Convergence Analysis of Simulation Methods for Hybrid Stochastic Systems
Sprache des Vortragstitels:
Englisch
Original Tagungtitel:
RICAM Workshop on Numerical Analysis of Multiscale Problems & Stochastic Modelling
Sprache des Tagungstitel:
Englisch
Original Kurzfassung:
Hybrid stochastic systems are widely used to model and numerically study systems in biochemical reaction kinetics and related areas such as, e.g., single neuron models. Hybrid stochastic processes combine continuous time evolution with discontinuous stochastic evolution. For example, these processes arise naturally from microscopic Markov chain models which exhibit a time-scale separation when the fast time scale is approximated by a continuous variable either stochastic (General Stochastic Hybrid Systems) or deterministic (Piecewise Deterministic Processes).
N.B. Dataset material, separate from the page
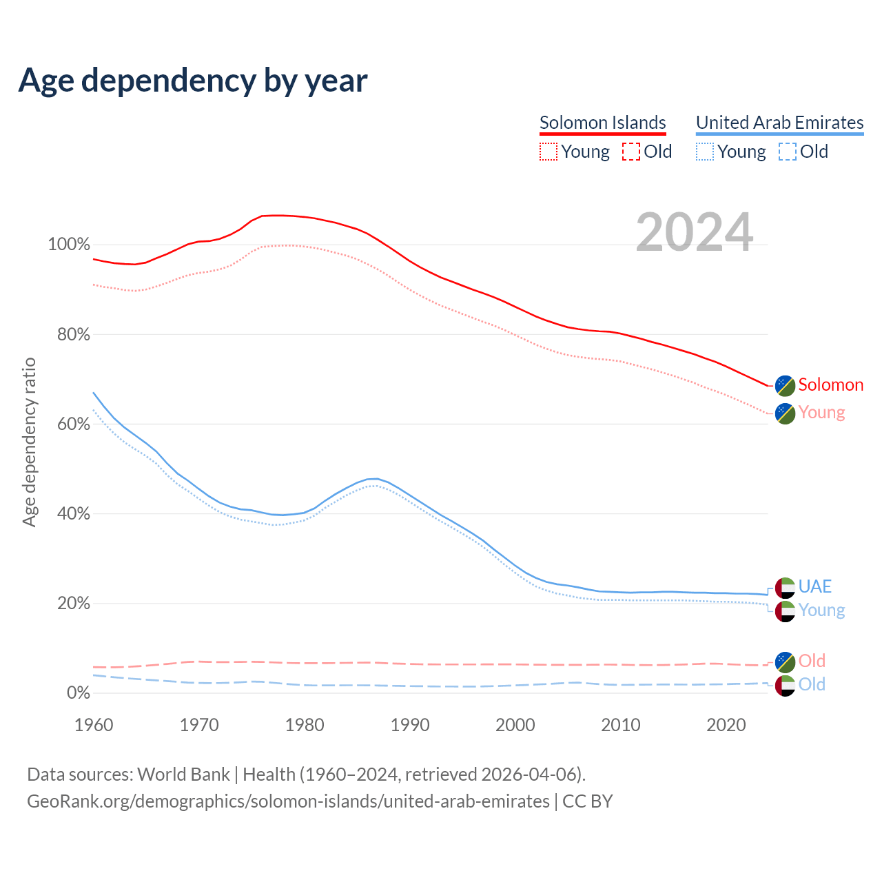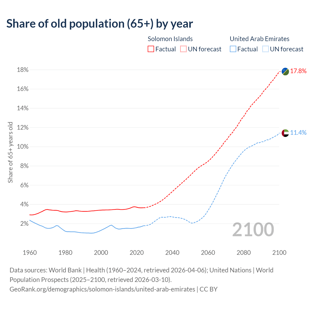 - The share of old-age demographic (65+) in the Solomon Islands is 3.64% vs 1.77% in the United Arab Emirates.
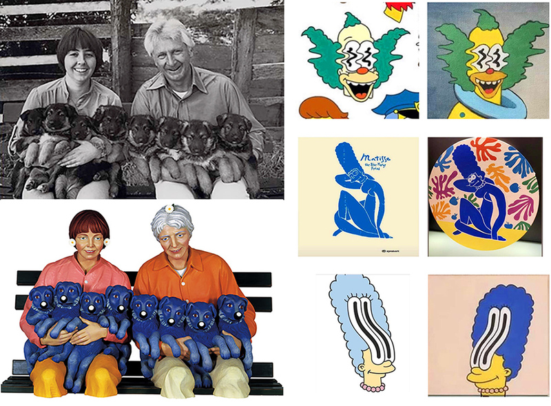 在這樣拋接問題的過程中,你是否已經開始困惑,現今許多作品是不是都已經違反著作權法了呢?舉例來說,《蒙娜麗莎》已經以千百種不同的形式出現在你的生活中,或是眾多古典大師的名畫被加上了新的物件後重新發表,但這些卻都安然無恙,為什麼可以這麼做?那是因為原作的著作權保障時有時效的,著作權只保留到作者死亡後五十年,所以多半都已經逾期了,《蒙娜麗莎》現在屬於全球「共享創意」的一部分。如果是使用著作權保障還未失效的作品呢?首先,如果是取得原作者的同意,基本上是沒問題的,只是有些創作在「轉化」的過程中,可能會對原作有些「不敬」,對方想必是不會同意的。而到底怎麼樣的作法算是「轉化」,而不會「侵權」呢?可以從傑夫.孔斯(Jeff Koons)的案例來看看,孔斯的作品大多都以重新詮釋或重製作表現,他的〈凝視球系列〉就是在大師的複製畫中黏上一顆藍色的玻璃球,當然古典大師的著作權大多都逾期了,所以沒有什麼大問題。但孔斯也會使用當代的作品進行「轉化」,而這樣確實帶來了法律上的糾紛。攝影家阿特.羅傑斯(Art Rogers)就因為孔斯的雕塑作品《一排小狗》,將他告上法院。這件作品取材自羅傑斯的圖像,裡面是一對夫妻並肩而坐抱著八隻剛出生的小狗,孔斯請義大利的製作工匠將八隻小狗依樣做成了彩色的木雕,作品確實承襲了孔斯一貫的「俗艷」的風格,然而法院還是拒絕了他的合理使用的辯詞,因爲法官認為孔斯「做得不夠多」,不足以具有「轉化」的用途。但在二OO六年,孔斯跟攝影師安德莉亞.白蘭琪(Andrea Blanch)的官司中,法院卻認定他已經做得夠多了,具有高度轉化可以算是全新的創作,獲判無罪。而這些關於「轉化」、「挪用」的案件在數位時代的現今更是層出不窮。

We present a class of simulation algorithms based on continuous Runge-Kutta methods and analyze the pathwise convergence behaviour. The methods rely on the fact that the problem of simulating the random, path-dependent jump times can be reformulated into a hitting time problem for a system of ordinary differential equations with random treshold. We find that under suitable conditions on the defining properties of the stochastic processes the deterministic order of convergence is conserved. We further present some preliminary results extending the pathwise convergence to weak convergence which is the appropriate convergence concept for the study of Monte-Carlo algorithms.